Decreased water vapor would in turn temper warming. Goddard's Hansen says that by raising this possibility Lindzen "has done a lot of good for the climate discussion." He hastens to add, however, "I'm very confident his basic criticism--that climate models overestimate climate sensitivity -- is wrong."
In March, Lindzen published what he calls "potentially the most important" paper he's written about negative feedback from water vapor. In it, he concludes that warming would decrease tropical cloud cover. Cloud cover is a complicated subject. Depending on factors that change by the minute, clouds can cool (by reflecting sunlight back into space) or warm (by trapping heat from the earth). Lindzen states that a reduction in tropical cloudiness would produce a marked cooling effect overall and thus serve as a stabilizing negative feedback.
But three research teams say Lindzen's paper is flawed. For example, his research was based on data collected from satellite images of tropical clouds. Bruce A. Wielicki of the NASA Langley Research Center believes that the images were not representative of the entire tropics. Using data from a different satellite, Wielicki and his group conclude, in a paper to appear in the Journal of Climate, that, on balance, warmer tropical clouds would have a slight heating, not a cooling, effect.

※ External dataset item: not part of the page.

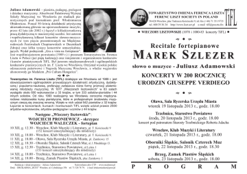 Juliusz Adamowski - pianista, pedagog, prelegent i działacz muzyczny. Absolwent Państwowej Wyższej Szkoły Muzycznej we Wrocławiu po studiach pianistycznych pod kierunkiem prof. Włodzimierza Obidowicza. Ponad 50-letnią działalność artystyczną ukierunkowaną głównie na upowszechnienie muzyki, przez 42 lata (do 2002 r.) łączył z kilkukierunkową pracą dydaktyczną w macierzystej uczelni. Jest autorem i współwykonawcą kilkuset koncertów słowno-muzycznych (w tym pięciu prezentowanych na Międzynarodowych Festiwalach Chopinowskich w Dusznikach Zdroju) oraz kilku tysięcy koncertów umuzykalniających. Wydał podręcznik „Gra a vista na fortepianie”. Jest współinicjatorem powstania (1989 r.) i prezesem Towarzystwa im. Ferenca Liszta w Polsce (już piątą kadencję) oraz inicjatorem i organizatorem konkursów i kursów pianistycznych TiFL. Był jurorem międzynarodowych i ogólnopolskich konkursów pianistycznych im. F. Liszta we Wrocławiu. Otrzymał wysokie polskie odznaczenia państwowe i Nagrodę Muzyczną Wrocławia , a władze węgierskie uhonorowały go Medalem „Pro Cultura Hungarica”. l TOWARZYSTWO IMIENIA FERENCA LISZTA FERENC LISZT SOCIETY IN POLAND 50-028 Wrocław, plac Tadeusza Kościuszki 9, tel./fax (+48) 71 351 9735 tel. 600 39 36 34 TiFL MAREK SZLEZER l Recitale fortepianowe słowo o muzyce - Juliusz Adamowski KONCERTY W 200 ROCZNICĘ URODZIN GIUSEPPE VERDIEGO l Oława, Sala Rycerska Urzędu Miasta wtorek 19 listopada 2013 r., godz. 18.00 Trzebnica, Starostwo Powiatowe środa, 20 listopada 2013 r., godz. 18.00 Następne „Wieczory lisztowskie”: WOJCIECH PRONIEWICZ - skrzypce WOJCIECH WALECZEK - fortepian koncert pod patronatem Starosty Trzebnickiego Roberta Adacha 10 XII, g. 12.30 - Wrocław, Klub Muzyki i Literatury, pl. T. Kościuszki 9 Wrocław, Klub Muzyki i Literatury czwartek, 21 listopada 2013 r., godz. 18.00 (152 koncert umuzykalniający dla młodzieży) 10 XII, g. 18.00 - Wrocław, Klub Muzyki i Literatury, pl. T. Kościuszki 9. 11 XII, g. 18.00 - Oława, Sala Rycerska Urzędu Miasta, pl. Zamkowy 15 12 XII, g. 18.30 - Oborniki Śląskie, Salonik Czterech Muz, ul. J. Piłsudskiego 13. 13 XII, g. 12.30 - Trzebnica, Starostwo Powiatowe, ul Leśna 1 Oborniki Śląskie, Salonik Czterech Muz piątek, 22 listopada 2013 r., godz. 18.30 (153 koncert umuzykalniający dla młodzieży) Redakcja i skład programu – Juliusz Adamowski Naświetlanie płyt CTP - www.studioten.pl Druk – DRUKARNIA „DUET” Wrocław, ul. Cybulskiego 35b tel. 71 328 78 79, e-mail [email protected] e-mail [email protected] WIECZORY LISZTOWSKIE (1078 i 1080-83 koncerty TiFL) Towarzystwo im. Ferenca Liszta (TiFL) działające we Wrocławiu od 1989 r. jest stowarzyszeniem ogólnopolskim prowadzącym działalność artystyczną, dydaktyczną i popularno-naukową, preferując zwłaszcza różne formy promocji utalentowanej młodzieży muzycznej. W 1077 „Wieczorach lisztowskich” w 83 salach wystąpiło około 600 wykonawców z 33 krajów, w tym 333 solistów-pianistów i 44 innych solistów. Od roku 1993 realizujemy we Wrocławiu corocznie międzynarodowe mistrzowskie kursy pianistyczne, które w profesjonalnym środowisku muzycznym cieszą się znaczną renomą. Wzięło w nich udział 542 pianistów z 32 krajów. Łącznie w koncertach, kursach i konkursach TiFL wzięło udział prawie 2500 artystów-wykonawców, artystów-pedagogów i uczniów z 44 krajów. 14 XII, g. 18.00 - Trzebnica, Starostwo Powiatowe, ul Leśna 1 14 XII, g. 18.00 - Brzeg, Zamek Piastów Śląskich, plac Zamkowy 1 http://www.liszt.art.pl P Brzeg, Zamek Piastów Śląskich sobota, 23 listopada 2013 r., godz. 18.00 R O G R A M t P r o g r a FERENC LISZT (1811-1886) Transkrypcje fragmentów oper G. Verdiego: m Parafraza koncertowa na tematy z opery „Ernani Reminiscencje z opery „Simone Boccanegra” Parafraza koncertowa „Rigoletto” przerwa SERGIEJ RACHMANINOW (1873-1943) Preludium cis-moll op. 3 nr 2 Preludium h-moll op. 32 nr 10 II Sonata fortepianowa b-moll op. 36 (wersja z 1913 r.) Allegro agitato Non allegro. Lento Allegro molto l Koncerty są realizowane przy pomocy finansowej Władz Samorządowych Województw Dolnośląskiego i Opolskiego, Starostwa Powiatowego w Trzebnicy, Gmin Brzeg, Oborniki Śląskie, Wrocław, Ośrodka Kultury w Oławie, Związku Artystów Wykonawców STOART, Brzeskiego Przedsiębiorstwa Energetyki Cieplnej, Przedsiębiorstwa Wodociągów i Kanalizacji w Brzegu. l Marek Szlezer (ur. 1981) jest jednym z najczęściej koncertujących polskich pianistów młodego pokolenia. Jego karierę zainicjowało zdobycie w wieku lat 12 Grand Prix na Międzynarodowym Konkursie Pianistycznym w Rzymie. Kształcił się w École Normale de Musique w Paryżu, Akademii Muzycznej w Krakowie oraz Chapelle Musicale Reine Elisabeth w Belgii pod kierunkiem m.in. prof. Ewy Bukojemskiej, Abdela Rahmana El Bacha, Dymitra Bashkirova oraz Marcelli Crudeli. Jest stypendystą Ministra Kultury i Dziedzictwa Narodowego, fundacji polskich i zagranicznych, a także Miasta Krakowa. Marek Szlezer jest laureatem wielu znaczących konkursów krajowych i międzynarodowych. Ceniony za swoje interpretacje dzieł Fryderyka Chopina otrzymał m.in I miejsce w konkursie stypendialnym Towarzystwa im. F. Chopina w Warszawie, III miejsce na Międzynarodowym Konkursie chopinowskim w Mariańskich Łaźniach, nagrodę specjalną Wydania Narodowego Dzieł Wszystkich Fryderyka Chopina a także wiele innych nagród na renomowanych międzynarodowych konkursach pianistycznych. Jego recital otwierał 56. festiwal chopinowski w Dusznikach Zdroju. Miał także zaszczyt wykonywać recital na oryginalnym fortepianie Chopina w muzeum Collegium Maius Uniwersytetu Jagiellońskiego w noc wejścia Polski do Unii Europejskiej w 2004 r. Koncertował w wielu wysoko renomowanych w Polsce i zagranicą. Nagrywał dla Radia i Telewizji wielu krajów europejskich. Jest aktywnie zaangażowany w promocję muzyki polskiej w kraju i zagrani

Looking back at the past decade of climate science, many researchers say computer models have improved, estimates of past climate are more accurate, and uncertainty is being reduced.
Lindzen is not nearly so sanguine. In his mind the case for global warming is as poor as it was when his crusade began, in 1988. Climate research is, he insists, "heavily polluted by political rhetoric, with evidence remaining extremely weak." To Lindzen, apparently, the earth will take care of itself.
Daniel Grossman is a freelance writer in Watertown, Mass.